Try normalizing the X matrix first when using LassoCV.
If it is a pandas object,
(X - X.mean())/X.std()
It seems you also need to multiple alpha by 2
Though I am unable to figure out what is causing the problem, there is a logical direction in which to continue.
These are the facts:
Mathworks have selected an example and decided to include it in their documentation
Your matlab code produces exactly the result as the example.
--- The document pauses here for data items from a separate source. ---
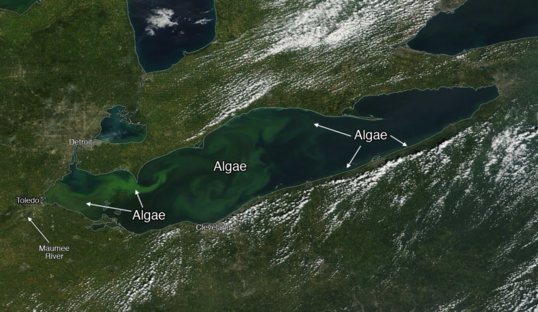 This year's blue-green algae bloom on Lake Erie was the largest ever, surpassing the massive bloom of 2011, according to the National Oceanic and Atmospheric Administration (NOAA). Scum from the bloom covered over 300 square miles at its peak in mid-August. Late spring and early summer rains helped drive the bloom. The Maumee River, the main source of nutrient loading to Lake Erie, experienced record discharge levels in June, and discharges remained high into July. Scientists grade the severity of blooms on a scale from one to ten, but this year's bloom scored a 10.5, surpassing early season predictions of its extent.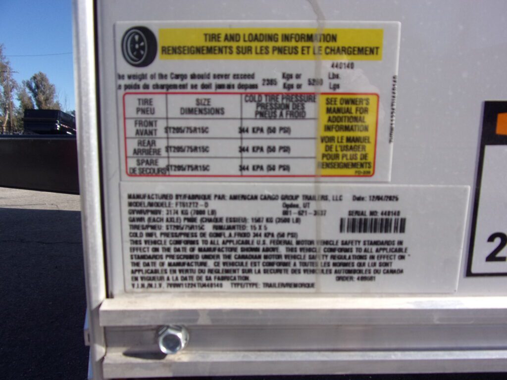 GVWR 7000# UNLADEN 1740# LOAD CAPACITY 5260#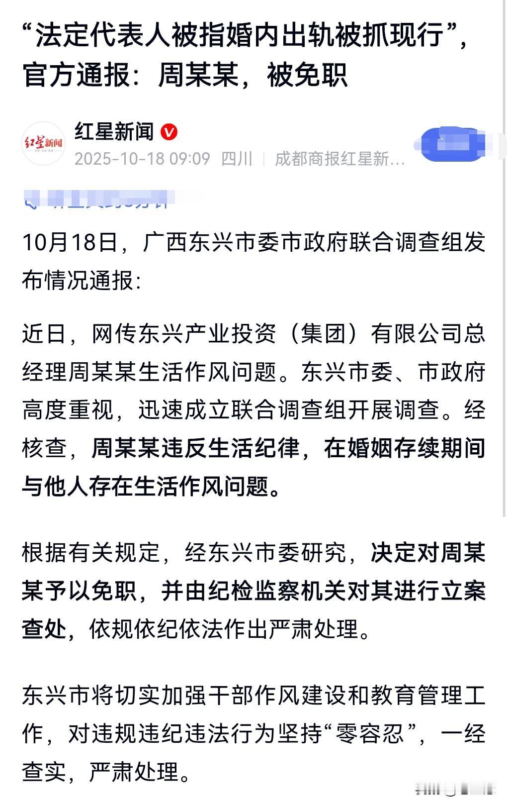 做人一定要学会知足,特别是有家庭的人,一定要学会珍惜自己的婚姻以及名声。 这对当官的来说尤其重要。 近日,一干部被指婚内出轨被抓现行,官方通报称确有此事,干部已被免职。 如果干部容容易出轨的话,那很可能就涉及到一些违法犯罪问题,比如没法搞钱啊。 要好好的从这方面查查。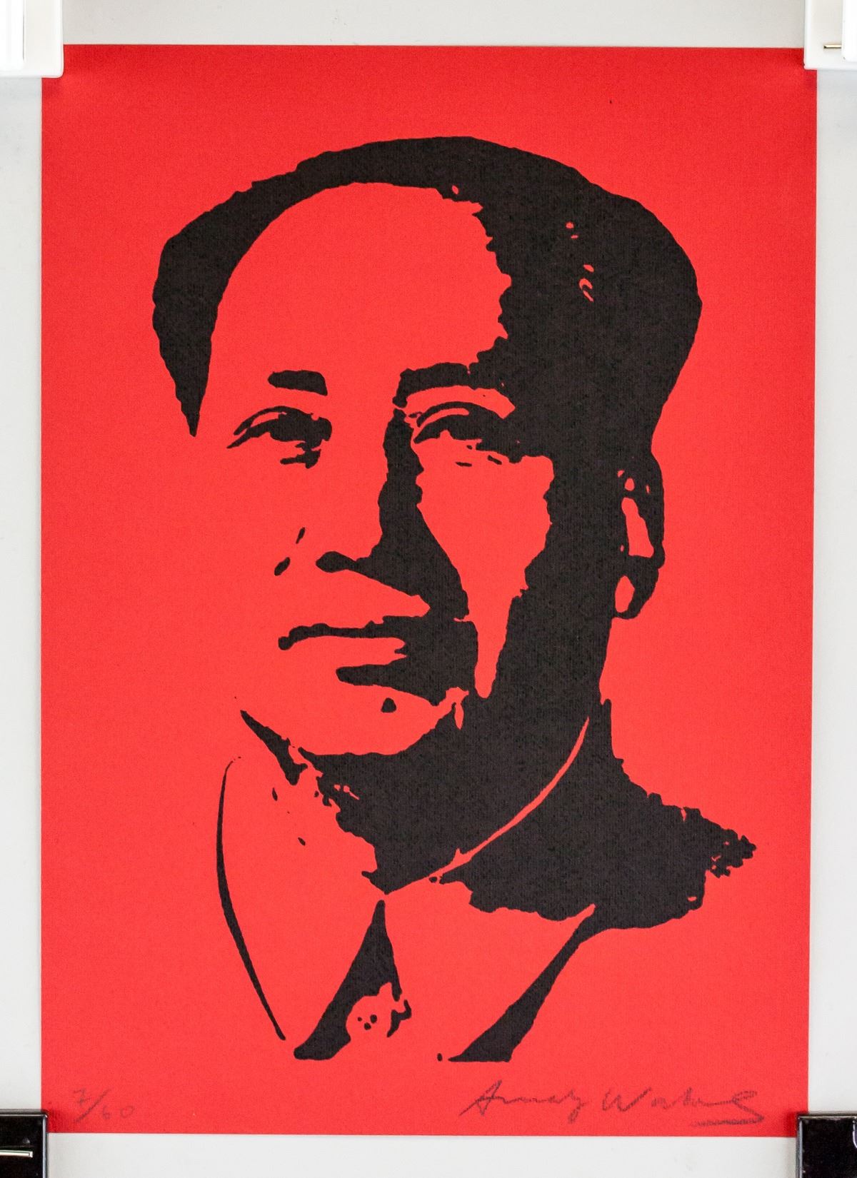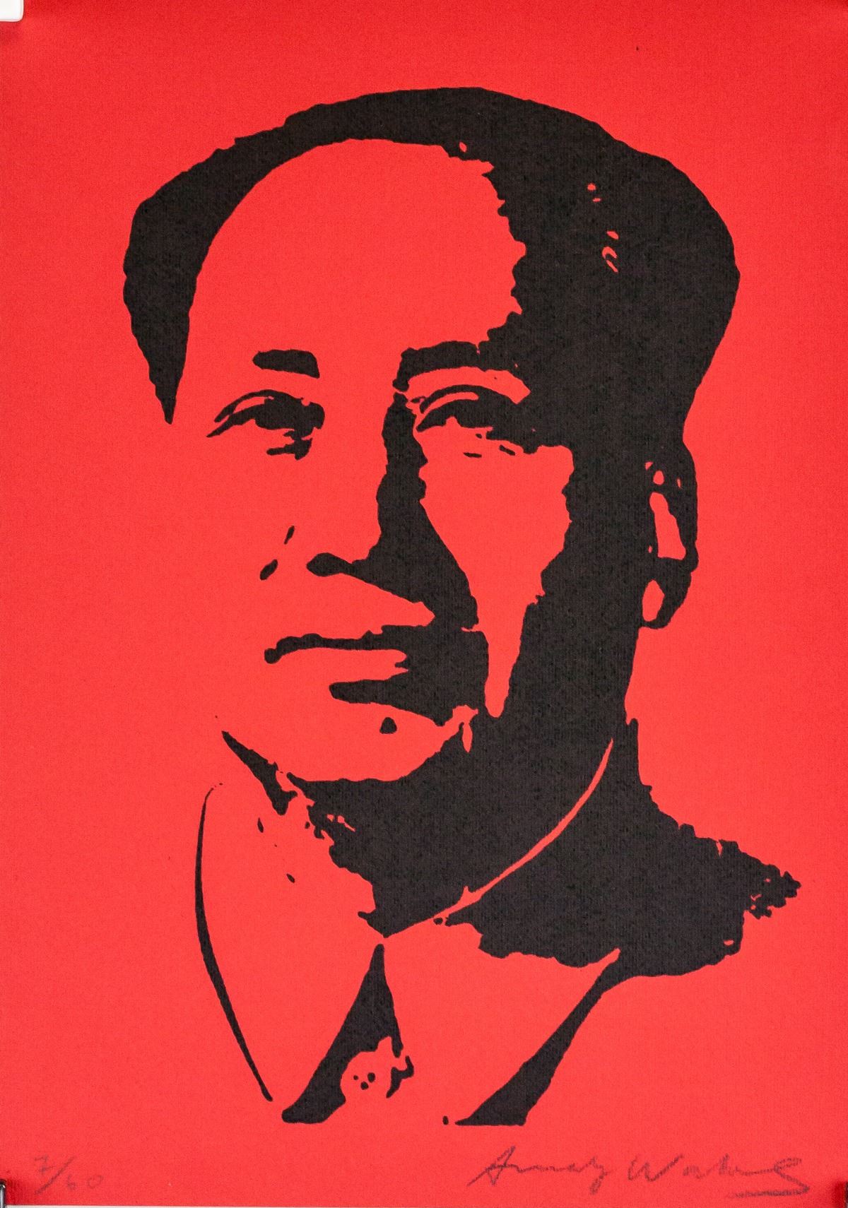 Lithograph on paper. Featuring portrait of Mao Zedong. Signed Andy Warhol and inscribed 7/60 on the lower right and lower left corner, respectively. Inscribed AW. 355.61 and stamped illegibly on verso. Attributed to Andy Warhol (1928-1987, American). 29.5 x 21 cm (11.5 x 8.25 inches)

The alternative does not match the result, and has provided inaccurate results in the past
This is my assumption:
The chance that mathworks have chosen to put an incorrect example in their documentation is neglectable compared to the chance that a reproduction of this example in an alternate way does not give the correct result.
The logical conclusion: Your matlab implementation of this example is reliable and the other is not.
This might be a problem in the code, or maybe in how you use it, but either way the only logical conclusion would be that you should continue with Matlab to select your model.